Analyzed Economic Effects
5 provisions identified: 1 benefits, 3 costs, 1 mixed.
5-Year Label Update Window for Producers
If you make wine, beer, or spirits subject to TTB rules, you would have 5 years after the final rule is published to update product labels to include the required Alcohol Facts information. TTB proposed that the compliance date is 5 years from the date the final rule is published in the Federal Register.
Mandatory Alcohol Content Statements Expanded
TTB proposes mandatory alcohol content statements for certain malt beverages, beer, and wine that currently are not required to show alcohol content. This change would require some producers to add alcohol content statements where they do not now exist.
Calorie and Nutrient Tolerance Rules Continue
TTB's 2020 guidance allows calorie statements on labels to be rounded and permits a labeled calorie amount to be understated as long as actual calories are not more than 20% above the labeled amount. TTB retains 20% tolerances for certain nutrient statements and the existing regulatory tolerances for alcohol content percentages.
New 'Alcohol Facts' Box on Labels
If you buy wine, beer, or spirits regulated by TTB, labels would be required to include an easy-to-read "Alcohol Facts" box showing per-serving alcohol, calorie, and nutrient information. The proposal says the information must be shown per serving on all TTB-regulated wines, distilled spirits, and malt beverages.
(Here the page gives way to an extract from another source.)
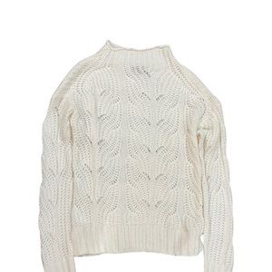 J. Crew Pointelle Cable Knit Sweater XS Cream Mock Neck Preppy Old Money
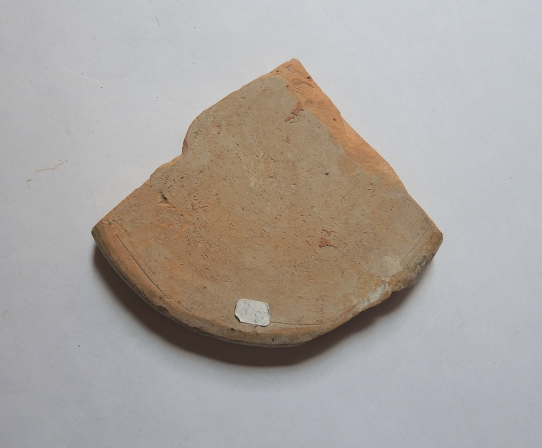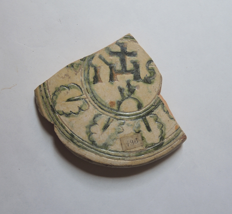Frammento di targa devozionale di forma circolare, piatta ad orlo arrotondato. Nella fascia esterna corona di foglie polilobate; al centro, entro medaglione, monogramma di San Bernardino.

Scope: TTB vs. FDA Regulated Products
The proposed Alcohol Facts rule applies to products defined as distilled spirits, wine, and malt beverages under the FAA Act and thus regulated by TTB. The NPRM says it does not apply to alcohol products subject to FDA nutrition labeling rules, but notes that proposed changes to IRC alcohol-content rules could also affect products subject to FDA labeling.